Common additive thwarts malaria parasite
By Nathan Seppa
An antimicrobial chemical used in mouthwashes has emerged in the unlikely role of malaria fighter. Experiments in mice show that this substance, triclosan, wipes out the parasite responsible for rodent malaria. In test-tube studies, the compound also kills the parasite responsible for most severe cases of malaria in people, scientists in India report.
The researchers found that triclosan binds to an enzyme called FabI in Plasmodium falciparum, the parasite infecting people. Without a supply of functional FabI, P. falciparum can’t make some fatty acids that are essential for its survival, says study coauthor Namita Surolia, a biochemist at the Jawaharlal Nehru Centre for Advanced Scientific Research in Bangalore.
The study, described in the February Nature Medicine, is also the first to identify the gene that encodes FabI in the parasite. Surolia collaborated with Avadesha Surolia of the Indian Institute of Science, also in Bangalore.
After finding that triclosan inhibits P. falciparum in a test tube, the researchers infected 10 mice with Plasmodium berghei, the rodent malaria parasite. They then gave four of the mice daily injections of triclosan over 4 days but withheld the chemical from the other six mice. After 8 days, the treated mice had undetectable blood concentrations of P. berghei, whereas the six untreated mice had died from the infection.
The researchers report that the treated mice were still free of parasites 6 weeks later. “If the drug was unstable, the parasite population would be expected to re-emerge, but it hadn’t,” says Matthew Berriman, a biologist at the Sanger Centre of the Wellcome Trust Genome Campus in Cambridge, England.
In the United States, manufacturers put triclosan in toothpaste, soaps, deodorants, skin creams, and acne medications–topical applications intended to kill microbes. Scientists have limited knowledge of the chemical’s effects, including possible toxicity, when taken internally, says Lars Hviid, a parasitologist at the Center for Medical Parasitology in Copenhagen.
Testing for those effects, even of a substance approved for other uses, can be expensive, he notes.
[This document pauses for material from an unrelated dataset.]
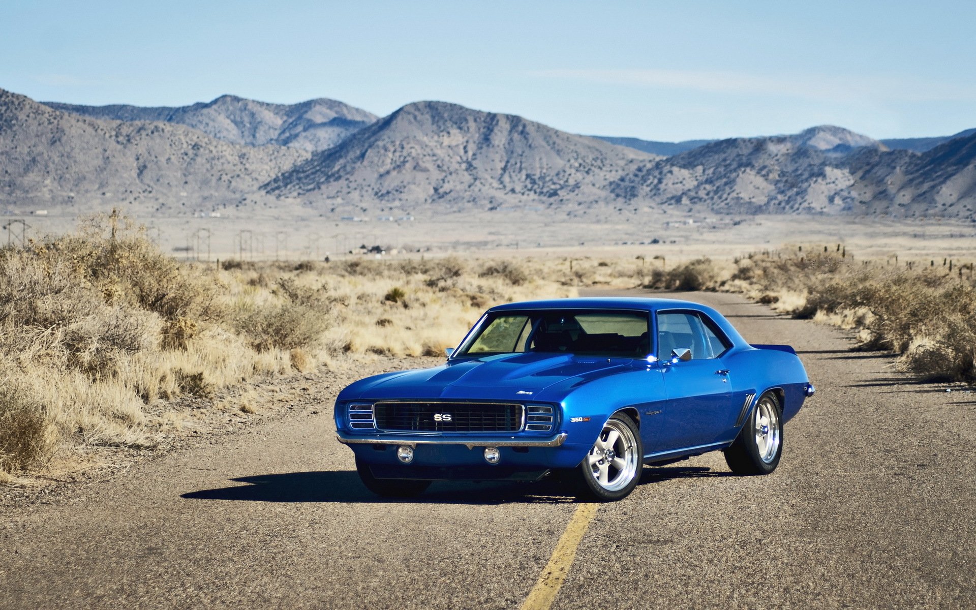 Blauer chevrolet auf der straße vor dem hintergrund der bergeBlauer Chevrolet auf der Straße vor dem Hintergrund der Berge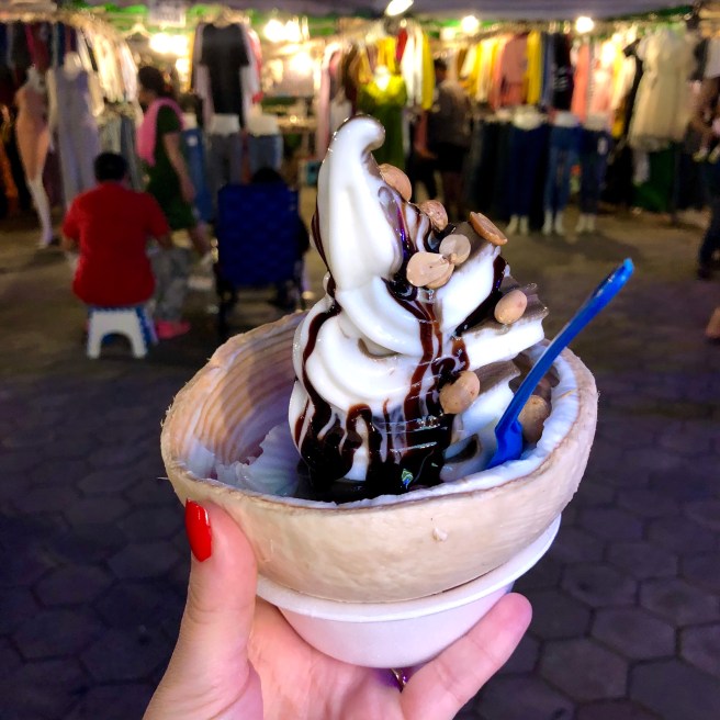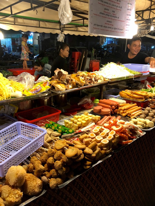 This market near the river on Preah Sisowath Quay mainly sells clothes with a few stalls offering souvenirs or more tourist-geared goods, but it’s a great place to get some food. There’s a large area of mats laid out surrounded by food stalls where you can get skewers, dumplings, noodles, fried rice and more. The mats are generally reserved for customers of the neighbouring food stalls so it doesn’t get overcrowded and is a really nice place to enjoy some great food and a lively atmosphere. We tried some sugarcane juice for the first time which was sweet as you’d expect, but surprisingly refreshing. The soft-serve ice cream in a coconut bowl with pieces of fresh coconut was the perfect pudding.

Nevertheless, fatty acid biosynthesis in the parasite is “an attractive target” for scientists, Hviid says. Fatty acid production requires FabI in P. falciparum but not in mammals. Therefore, drugs specifically aimed at this enzyme shouldn’t disrupt normal cell functions in people, Berriman says.
P. falciparum has become resistant to several drugs, making the need for new treatments critical. Some resistance to triclosan itself has emerged in bacteria. Thus, the chemical might work best as part of a combination assault on malaria, Hviid says.
Although triclosan neutralizes only one enzyme in the parasite’s fatty acid production, “other enzymes involved may also be susceptible to inhibition,” Hviid says.
Scientists also need to seek new targets outside fatty acid biosynthesis, says Namita Surolia. She plans to test triclosan next on monkeys infected with yet another Plasmodium.